Broken Marriages and Broken Hondas: Why We Keep Fixing Both
Last year, my husband and I decided to get a second car that we could just get from point a to point b. We wanted to pay cash. We weren’t really concerned about appearances. So we brought a ’98 Honda Civic from a friend.
This was perfect for me. I am terrible about keeping cars clean and was always worried that I would do something to our nice, relatively new Jeep that Hubby prized so much. I missed my old cars. The ones that I didn’t have to worry about hurting because they were on their last leg anyways.
The Honda didn’t have air conditioning but I took it as an opportunity to breathe in the Hawaiian air and let myself fully feel the embrace of the seasons. It wasn’t a very pretty car but it had a working speaker system and I never had to worry about throwing the dogs in the back seat after hiking or going to the beach.
A few months ago, there was an issue with the steering on the car. To avoid perpetuating stereotypes, I won’t describe it to you the same way I described it to my husband, through noises. But it was very clear to even me that the car probably needed to be fixed and Hubby added that I shouldn’t drive it to work until it was. He has a very full schedule but was determined to save us some money and fix it himself. Until that time, he walked to work and had me drive our Jeep.
I am back behind the wheel of the Honda and so grateful for Hubby’s diligent work. Not only did he fix the steering issue, but he also managed to get the air conditioning up and running.
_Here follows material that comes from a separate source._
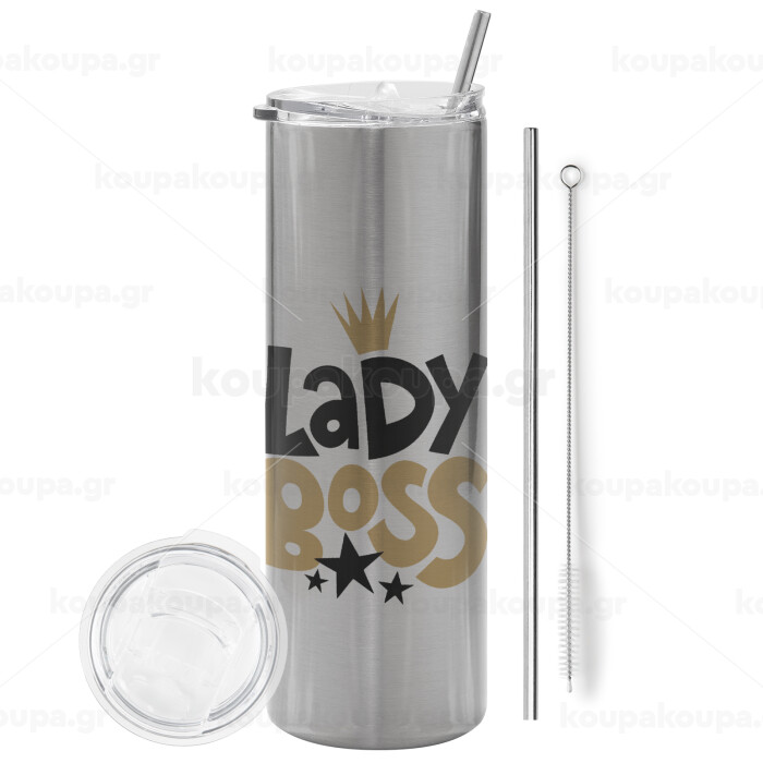 Lady Boss, Tumbler stainless steel Silver 600ml, with metal straw & cleaning brush

I am back cruising the roads with my little, old Honda.
I couldn’t help but think on my drive to work, that I am incredibly fortunate. I married a good man.
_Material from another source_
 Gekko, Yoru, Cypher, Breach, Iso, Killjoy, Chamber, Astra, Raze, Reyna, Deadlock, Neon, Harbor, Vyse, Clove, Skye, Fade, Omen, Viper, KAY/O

Not only does he fix cars, but he puts in the hard work to restore broken things, even our marriage.
We live in an age of disposable things. We can’t even commit to a phone so we now pay more, month by month, so that we can upgrade immediately. Unfortunately, our marriages are no different. We say for better or worse and I think many of us truly mean that we would stand by our spouse through cancer or loss but when the hard, day to day struggles of coordinating schedules and miscommunications make themselves known, we panic and look for an out.
Our marriage has been no different. In the few short years we’ve been married, there have been times where we’ve look at each other and wondered if maybe we were drugged the entire 4 years we dated. What seemed like a grand idea on our wedding day faded as life set in. There have been times we’ve wanted to throw in the towel and give up on this whole “unity” thing we promised to strive for.
But we don’t.
We keep pressing on mostly because Hubby has always set the example of fighting for what he believes in, and he believes in us. So he puts in the labor, the long conversations, humble apologies, and the daily sacrifice to self. And we are both made better by it.
I remember over-hearing a conversation between my mom and a friend who was contemplating divorce. Her friend asked, “How long do you keep pressing on when the spark just isn’t there anymore?”
I will never forget hearing my mother respond gently, “Well, how long did you promise you would? Because most of us promised ‘For better or worse until death do us part.’ I think that’s your answer.”
Marriage is long, hard, beautiful work. There are days in the sun and days when the rain just won’t let up. But we keep fighting and pressing on, remembering our promises.
Even the best of marriages involves labor. Christ died for His bride. That is the model we have set before us. Love even unto the point of death. Press on. Do the hard work of fixing yourself and your marriage and maybe even your car.